Ultan Dillane (born 9 November 1993) is an Irish rugby union player. He plays for La Rochelle in the Top 14 which is the top tier of rugby union in France. Dillane primarily plays as a lock.

==Early life==
Dillane was born in Paris, France to an Irish mother. His father is from the Ivory Coast. At the age of seven, Dillane moved to Ireland, settling in Tralee in his mother's native county of Kerry. Dillane attended St Mary's Christian Brothers School in Tralee.

==Early career==
Dillane first played rugby for his local club Tralee RFC. Invited to play by a neighbour, but reluctant to take up the sport at first, Dillane and his brother were promised €5 by their mother if they went. While with Tralee, Dillane was involved in the youth set up of his local provincial team, Munster. Dillane left the Munster set up however, and joined the academy of Connacht.

==Club rugby==
Dillane came into the Connacht academy for the 2012–13 season. In the 2014–15 season, while still a third year academy player, Dillane made his Connacht debut. He came on as a replacement in a provincial derby against Connacht's Irish rivals Leinster on 19 December 2014, and followed this up with his first start, which came against Ulster, another Irish province, on 26 December. On 1 January, Dillane was a replacement in another Irish derby, playing against his native province of Munster. Following his performances in these games, Dillane was awarded a senior contract with Connacht, to run until the summer of 2017.
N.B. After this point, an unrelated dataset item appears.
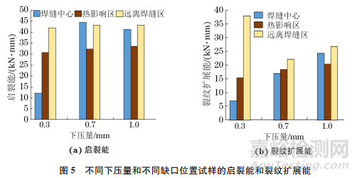 結(jié)合圖5(a)和(b)可知:在相同下壓量和缺口位置的條件下試樣的裂紋擴(kuò)展能均小于啟裂能,說明接頭和母材的抗裂紋擴(kuò)展能力都低于其抗啟裂能力。綜合考慮不同下壓量和不同缺口位置接頭的啟裂能和裂紋擴(kuò)展能,當(dāng)下壓量為0.7,1.0mm 時,接頭的啟裂能和裂紋擴(kuò)展能相近。

In December 2021, it was announced that Dillane would leave Connacht at the end of the season. The following year he agreed a two-year contract with La Rochelle, to start with the prominent French club in the 2022–23 season.

==International career==
Dillane received his first senior Ireland call up from coach Joe Schmidt as part of the squad for the 2016 Six Nations. He made his international debut as a replacement in the third round match against England on 27 February 2016.